## Your goal:
Copy down every line of the data that follows exactly. Omit the pictures.

## Stored data:
════

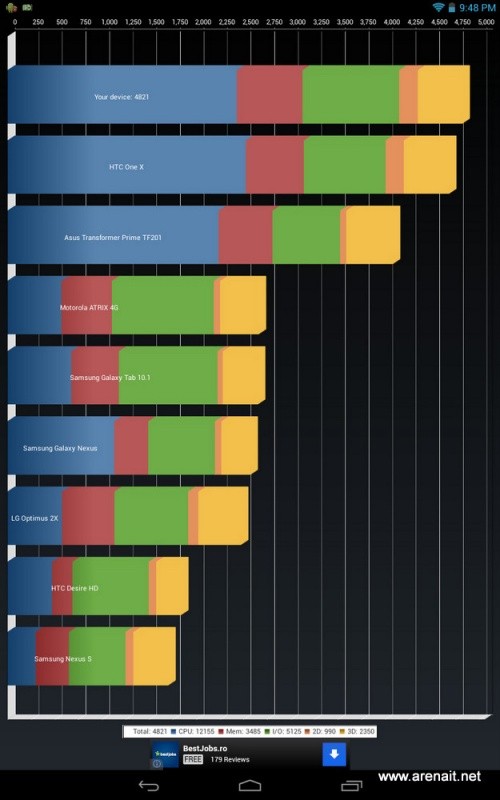 Sistem de operare. Ruleaza Android 4.2 si raspunde foarte bine la comenzi. Nu are lag sau intreruperi. Un singur lucru urasc la Android 4.2 pe tablete: butoanele de back, home si menu sunt puse pe mijloc. Daca tableta are 7 – 8 inch e ok, dar daca are 10 inch nu e deloc ok, sa iti intinzi degele pana la jumatatea tabletei pentru a atinge pe home.
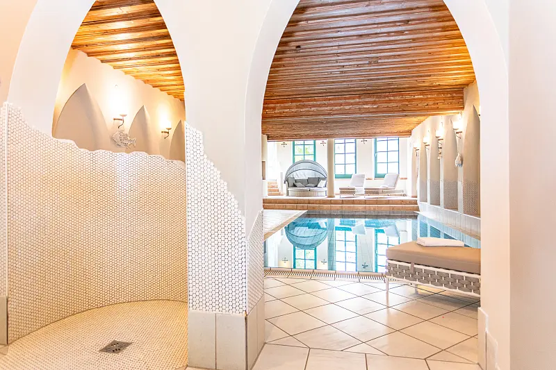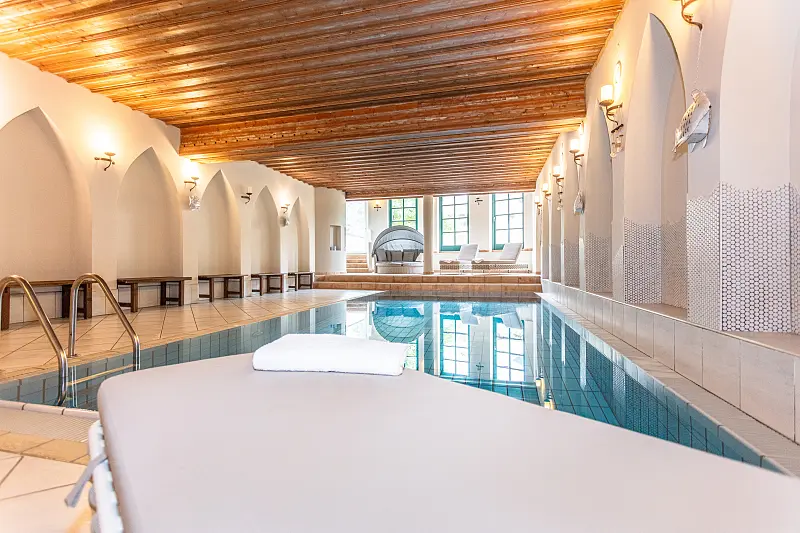size wellness area 250 m², indoor swimming pool 35 m², steam bath, sauna, finish sauna, lawn, deck chair - free of charge, sun umbrellas - free of charge
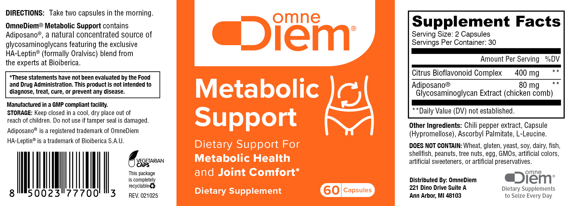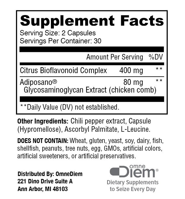 OmneDiem Metabolic Support, naturally supports metabolic health, joint comfort and weight management by promoting the reduction of white adipose tissue and modulating adipokine release.* OmneDiem® Metabolic Support with Adiposano® contains a patented, unique Glycosaminoglycan (GAG) complex rich in Hyaluronic Acid (HA). Very safe Certified Metabolic Health Metabolism refers to every chemical process in the body necessary for maintenance of life. Metabolic health optimizes these functions to ensure the body works properly. Experts suggest that only 12% of US adults are metabolically healthy† Contributing Factors & Complications Age Metabolic processes do not operate as well as one ages—nearly 40% of the US population is 45 or older. Overweight & obese More than 65% of US adults are considered overweight or obese. Prediabetes Estimated 88 million US adults have prediabetes. As many as 84% don’t know they have it. The Intersection of Joint and Metabolic Health Excess adipose tissue is not just passive fat storage but also impacts whole-body metabolism by synthesizing and secreting several hormones and pro-inflammatory compounds that can directly impact joint comfort and function. Metabolic effects of excess White Adipose Tissue (WAT) Joint health effects of White Adipose Tissue (WAT) How OmneDiem® Metabolic Support With Adiposano® Works The concentrated Adiposano® complex works naturally to support metabolic health, joint comfort and weight management by supporting the reduction of white adipose tissue and modifying adipokine release.* Connection Between Metabolic Health & Joint Comfort Metabolic concerns may impact blood pressure, abdominal obesity, glucose and lipid levels Increase in inflammatory compounds such as adipokines, (including leptin), leads to insulin resistance Abnormal joint tissue metabolism Imbalanced cartilage and bone homeostasis DOES NOT CONTAIN: Wheat, gluten, yeast, soy, dairy products, fish, shellfish, peanuts, tree nuts, egg, ingredients derived from genetically modified organisms (GMOs), artificial colors, artificial sweeteners, or artificial preservatives.

════

## Task result:
 Sistem de operare. Ruleaza Android 4.2 si raspunde foarte bine la comenzi. Nu are lag sau intreruperi. Un singur lucru urasc la Android 4.2 pe tablete: butoanele de back, home si menu sunt puse pe mijloc. Daca tableta are 7 – 8 inch e ok, dar daca are 10 inch nu e deloc ok, sa iti intinzi degele pana la jumatatea tabletei pentru a atinge pe home.
size wellness area 250 m², indoor swimming pool 35 m², steam bath, sauna, finish sauna, lawn, deck chair - free of charge, sun umbrellas - free of charge
 OmneDiem Metabolic Support, naturally supports metabolic health, joint comfort and weight management by promoting the reduction of white adipose tissue and modulating adipokine release.* OmneDiem® Metabolic Support with Adiposano® contains a patented, unique Glycosaminoglycan (GAG) complex rich in Hyaluronic Acid (HA). Very safe Certified Metabolic Health Metabolism refers to every chemical process in the body necessary for maintenance of life. Metabolic health optimizes these functions to ensure the body works properly. Experts suggest that only 12% of US adults are metabolically healthy† Contributing Factors & Complications Age Metabolic processes do not operate as well as one ages—nearly 40% of the US population is 45 or older. Overweight & obese More than 65% of US adults are considered overweight or obese. Prediabetes Estimated 88 million US adults have prediabetes. As many as 84% don’t know they have it. The Intersection of Joint and Metabolic Health Excess adipose tissue is not just passive fat storage but also impacts whole-body metabolism by synthesizing and secreting several hormones and pro-inflammatory compounds that can directly impact joint comfort and function. Metabolic effects of excess White Adipose Tissue (WAT) Joint health effects of White Adipose Tissue (WAT) How OmneDiem® Metabolic Support With Adiposano® Works The concentrated Adiposano® complex works naturally to support metabolic health, joint comfort and weight management by supporting the reduction of white adipose tissue and modifying adipokine release.* Connection Between Metabolic Health & Joint Comfort Metabolic concerns may impact blood pressure, abdominal obesity, glucose and lipid levels Increase in inflammatory compounds such as adipokines, (including leptin), leads to insulin resistance Abnormal joint tissue metabolism Imbalanced cartilage and bone homeostasis DOES NOT CONTAIN: Wheat, gluten, yeast, soy, dairy products, fish, shellfish, peanuts, tree nuts, egg, ingredients derived from genetically modified organisms (GMOs), artificial colors, artificial sweeteners, or artificial preservatives.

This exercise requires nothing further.